The Koopman operator provides a principled framework for analyzing nonlinear dynamical systems through linear operator theory. Recent advances in dynamic mode decomposition (DMD) have shown that trajectory data can be used to identify dominant modes of a system in a data-driven manner. Building on this idea, deep learning methods such as VAMPnet and DPNet have been proposed to learn the leading singular subspaces of the Koopman operator. However, these methods require backpropagation through potentially numerically unstable operations on empirical second moment matrices, such as singular value decomposition and matrix inversion, during objective computation, which can introduce biased gradient estimates and hinder scalability to large systems. In this work, we propose a scalable and conceptually simple method for learning the top-$k$ singular functions of the Koopman operator for stochastic dynamical systems based on the idea of low-rank approximation. Our approach eliminates the need for unstable linear-algebraic operations and integrates easily into modern deep learning pipelines. Empirical results demonstrate that the learned singular subspaces are both reliable and effective for downstream tasks such as eigen-analysis and multi-step prediction.

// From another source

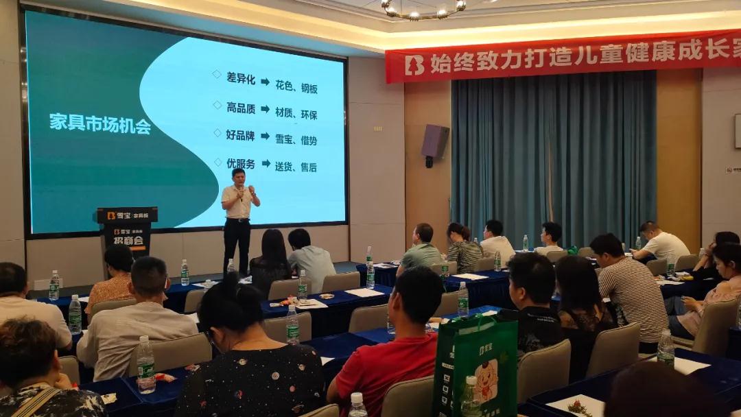 雪寶家具板事業部張經理現場授課《家具板的發展趨勢與機遇》、《雪寶家具板介紹》,通過結合行業現狀及發展趨勢進行延伸,深入剖析傳統板材商、家具廠的痛點需求,同時,圍繞雪寶品牌獨特的差異化優勢以及板材、封邊、門配、五金、培訓、軟件、營銷、運營8大系統展開賦能,真正幫助每一位經銷商朋友掌握市場營銷致勝方法。

翻译：库普曼算子为通过线性算子理论分析非线性动力系统提供了一个原理性框架。动态模态分解（DMD）的最新进展表明，轨迹数据可用于以数据驱动的方式识别系统的主导模态。基于这一思想，诸如VAMPnet和DPNet等深度学习方法被提出来学习库普曼算子的主导奇异子空间。然而，这些方法在目标计算过程中，需要对经验二阶矩矩阵（如奇异值分解和矩阵求逆）进行可能数值不稳定的操作，并通过反向传播进行优化，这可能导致有偏的梯度估计，并阻碍其扩展到大型系统。在本工作中，我们基于低秩逼近的思想，提出了一种可扩展且概念简单的方法，用于学习随机动力系统库普曼算子的前$k$个奇异函数。我们的方法消除了对不稳定线性代数运算的需求，并能轻松集成到现代深度学习流程中。实证结果表明，学习到的奇异子空间对于下游任务（如特征分析和多步预测）既可靠又有效。